The monolayer 1T′ phase of ZrCl₂ under investigation is both its ground state and ferroelastic phase.³⁶ The formation of a ferroelastic phase typically arises from a reduction in the symmetry of the prototype structure, leading to a structural phase transition. This low-symmetry ferroelastic phase is characterized by multiple orientation states, manifesting as different spontaneous strains relative to the unit cell of the prototype phase. Specifically, the 1T′ phase of monolayer ZrCl₂ exhibits three energy-degenerate but structurally inequivalent variants O1, O2, and O3. These variants emerge from a Peierls distortion induced by the Fermi surface nesting in the prototype 1T structure, resulting in distorted octahedral coordination. This distortion causes spontaneous dimerization of Zr atoms along high-symmetry [100], [010], or [110] directions, thereby enabling a 2D three-state ferroelasticity. Fig. 5 depicts the O1, O2, and O3 variants of monolayer 1T′ phase ZrCl₂. The O1 variant displays intrinsic ferroelasticity, featuring an unusual 120° rotational transformation. It can convert to the O2 or O3 variants by overcoming a moderate energy barrier of 24–39 meV per atom. Notably, the O2 and O3 variants display mirror symmetry with respect to the Y-axis, highlighting the structural relationships among these ferroelastic states.^28,36 Given this symmetry and considering our device configuration, O2 and O3 are expected to produce equal but oppositely directed electric current (photocurrent). By analyzing O3 in detail, we not only gain direct insights into its behavior but can also infer the corresponding characteristics of O2 through simple directional inversion, enabling a comprehensive understanding of the entire system.
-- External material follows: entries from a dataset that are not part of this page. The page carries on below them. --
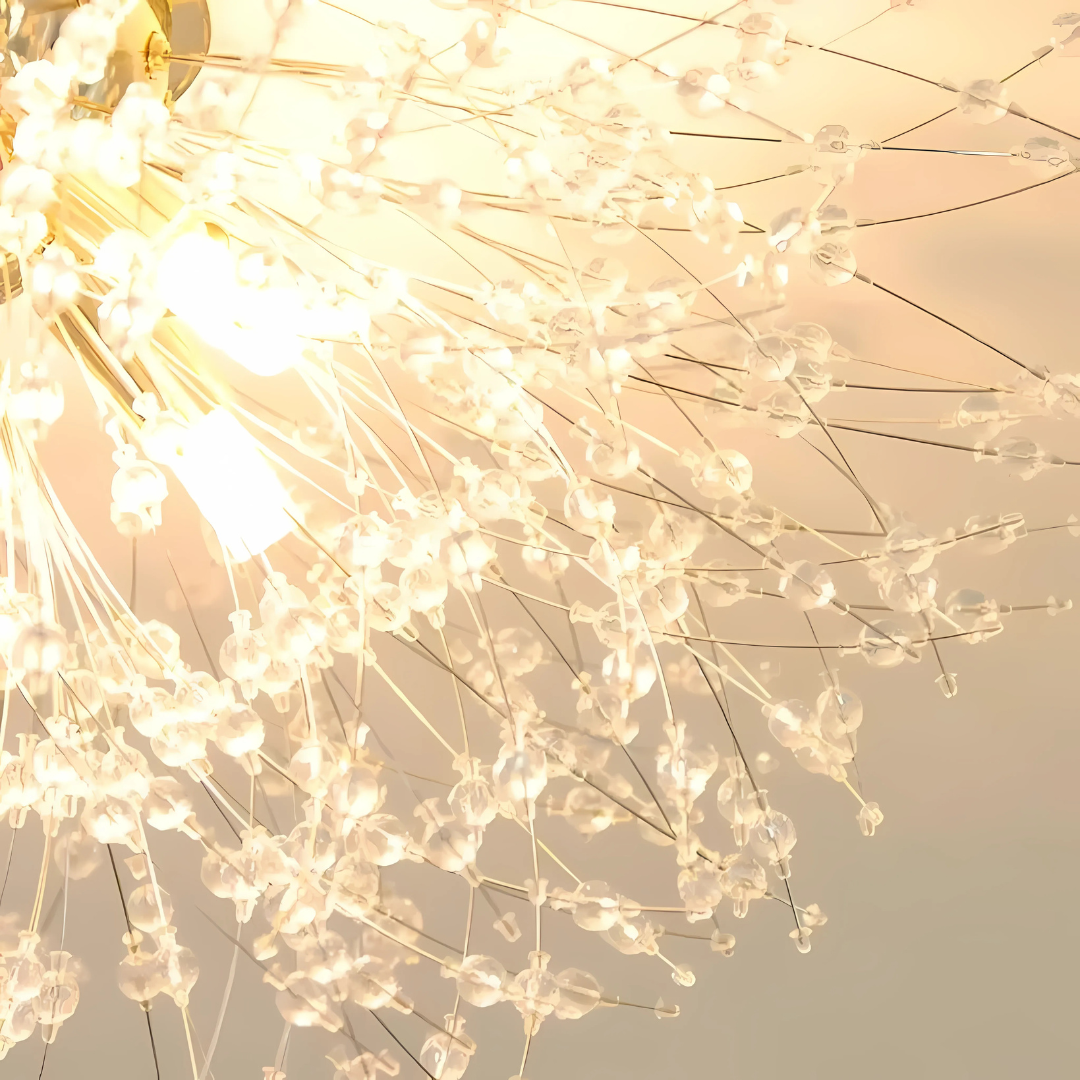 - Befejezés: szín fényes arany A fémszerkezet fokozza a luxus és a hő érzését. Az arany kivitel meleg és gazdag módon tükrözi a fényt, és még jobban értékeli a kristályok fényerejét.
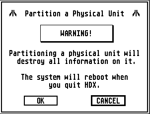 Die Festplatte wird mit dem Menüpunkt Partition partitioniert. Informationen über mögliche Partitionsschema können in der Datei WINCAP vorgegeben werden. Leider unterstützen aber nicht alle Versionen von HDX Partitionsschemata. Die HDX Version 5.00, die dem AHDI 6.061 beiliegt, ignoriert diese Einträge. Die HDX Version 5.01 unterstützt diese Einträge, ignoriert aber die Angabe der Partitionskennung.
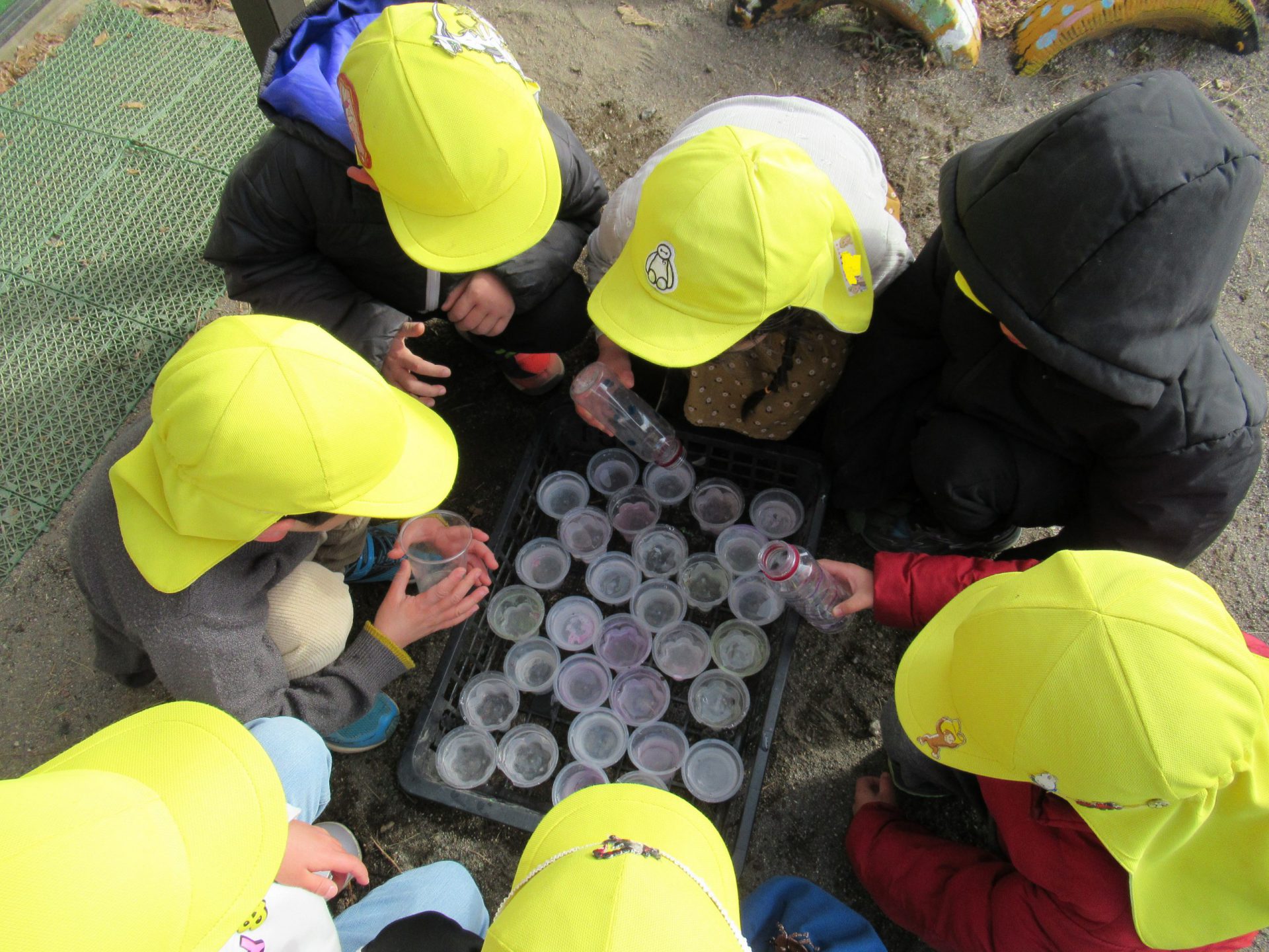 「明日も氷ができるといいね」と氷作りの準備をしていた子どもたち。明日の朝が待ち遠しいね。
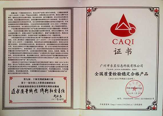 經中國質量檢驗協會評定,吉星信息科技有限公司無線視頻展臺、高拍儀系列產品憑借其質量過硬、信譽良好獲“全國質量檢驗穩定合格產品”稱號。
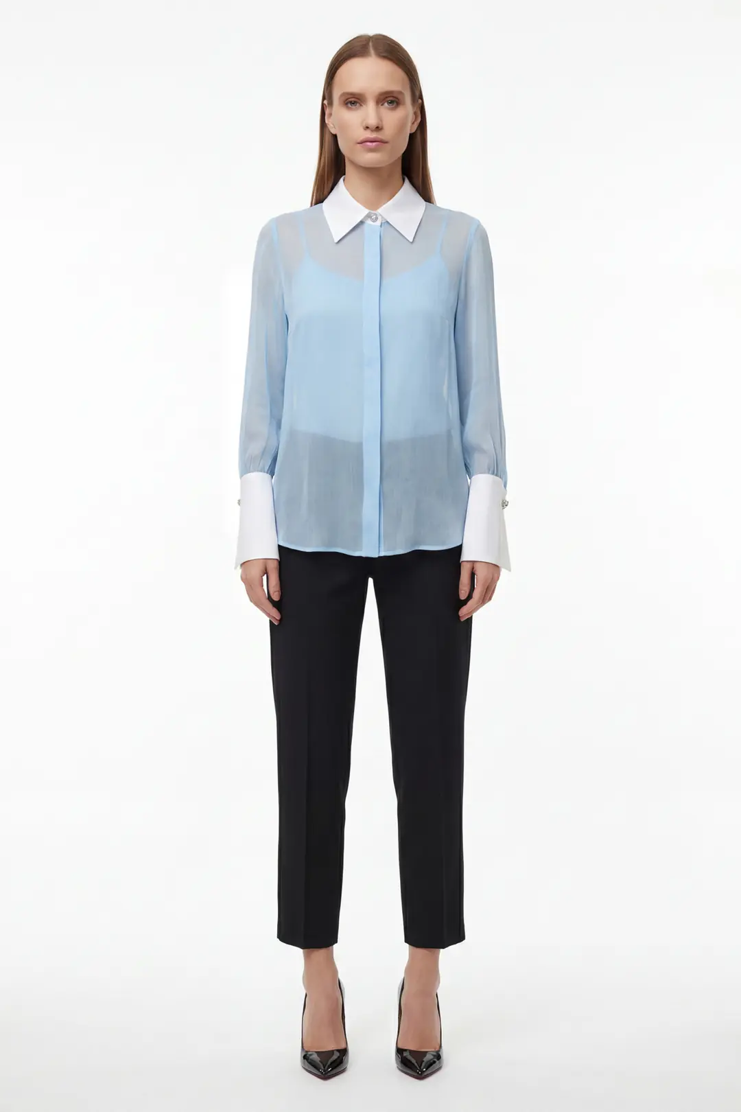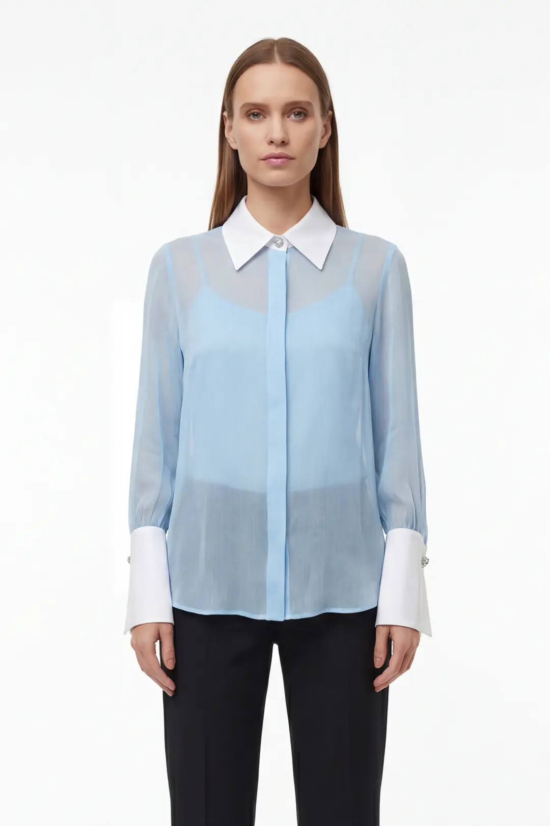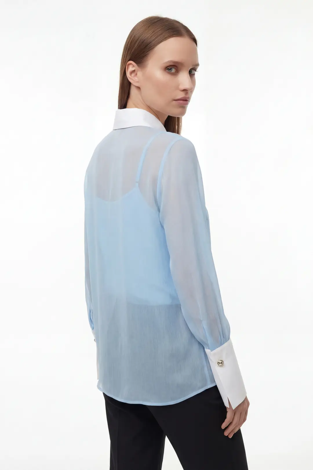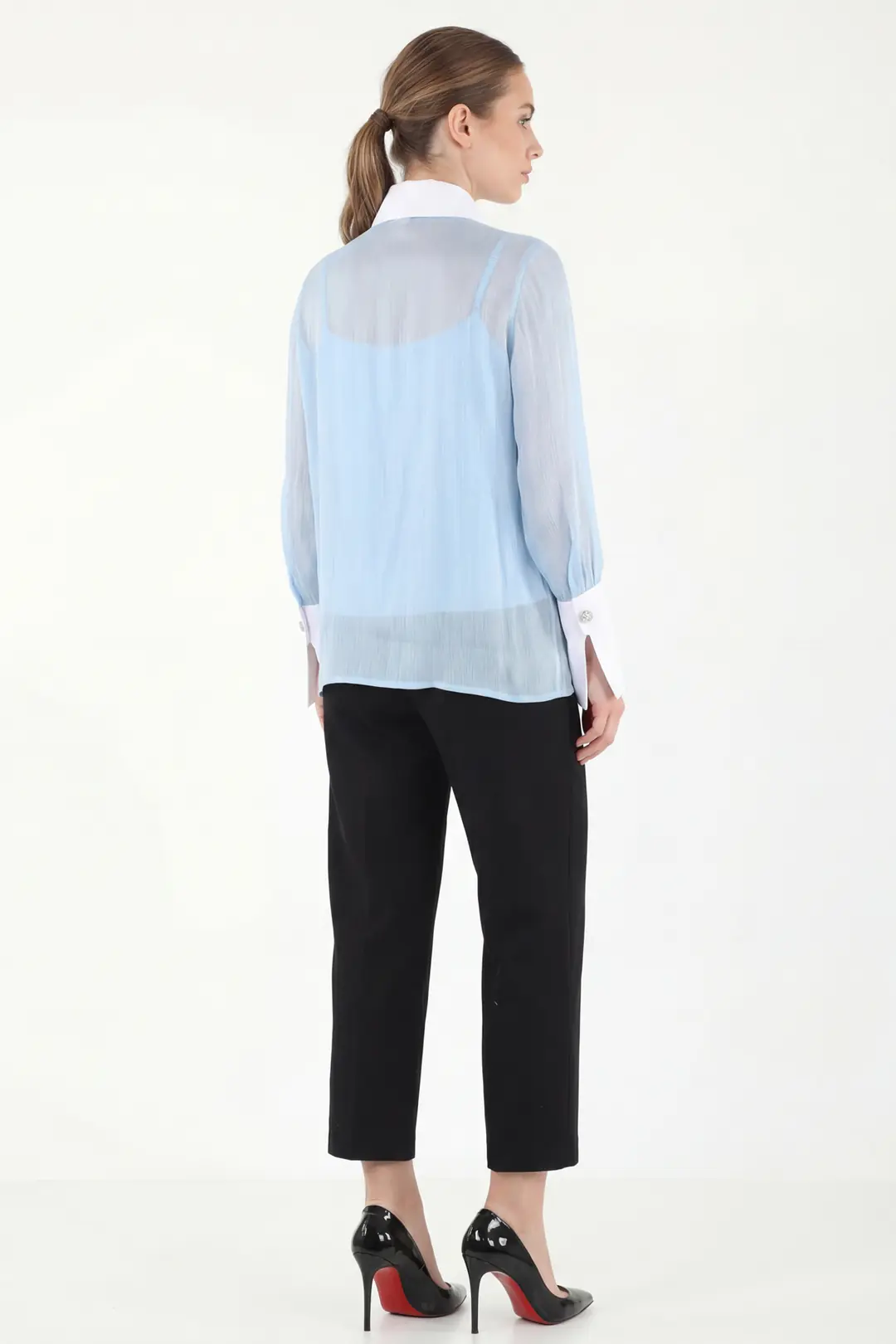 Gömlek: Uzun kollu, manşet kısmı beyaz kontrast detaylı, düğmeli

Fig. 5 The top views of the O1, O2, and O3 variants, respectively. The green, red, and purple highlighted portions represent the Zr–Cl chains of the O1, O2, and O3 variants. The illustration in the top right provides a simplified diagram of the 120° rotational relationship between the O1, O2, and O3 variants, as well as the Y-axis mirror symmetry between O2 and O3.

We further calculated the electron and hole transport properties of the O3 variant along the a and b directions. As shown in Fig. 6(a), in the voltage range of −0.4 V to 0.4 V, both directions exhibit high current values, peaking at approximately 500–600 nA, far exceeding the range observed in the O1 variant (80 nA). This indicates that the O3 variant demonstrates excellent conductivity for both electron and hole transport, with no distinct switching behavior. To better understand this phenomenon, we calculated the DDOS in both directions under −0.4 V bias, as shown in Fig. 6(b) and (c). The analysis reveals that the effective barrier height in the a direction ϕ_a is 0.05 eV, and in the b direction ϕ_b is 0.06 eV. The barrier heights are similar in both directions and significantly lower than those in the O1 variant, facilitating efficient carrier injection and transport. From the perspective of structural symmetry, the one-dimensional arrangement of Zr–Cl chains in the O1 variant leads to pronounced structural differences between the chain direction and the direction perpendicular to the chains, resulting in strong anisotropy in electrical transport. The O3 variant, with its 120° rotated Zr–Cl chains, forms a more uniform structure. In this configuration, Zr atoms are arranged into a hexagonal network, with Cl atoms symmetrically distributed around them. This structural homogeneity reduces directional anisotropy, yielding similar electron and hole transport properties along the a and b directions, respectively.

Fig. 6 (a) The I–V characteristic curves of the O3 variant along the a and b directions. (b) Along the a direction and (c) b direction, DDOS for the two-probe configuration of the O3 variant under −0.4 V bias.

The distinct electronic transport characteristics of the O1 and O3 variants open up exciting possibilities for designing versatile and high-performance nanoelectronic devices.^37,42 The O1 variant, with its high current on/off ratio (10⁶) and strong anisotropic conductivity, shows great potential for high-performance FETs, logic gates, and memory devices where precise current control and switching capabilities are crucial. Its anisotropic nature could also be exploited in the development of direction-sensitive sensors or in creating novel electronic circuits with directional conductivity. On the other hand, the O3 variant's high and nearly isotropic conductivity in both directions makes it an excellent candidate for applications requiring uniform current flow, such as transparent electrodes, interconnects in integrated circuits, or as channels in high-performance bipolar transistors. Its lack of distinct switching behavior could be advantageous in applications where consistent conductivity is needed across varying electric fields.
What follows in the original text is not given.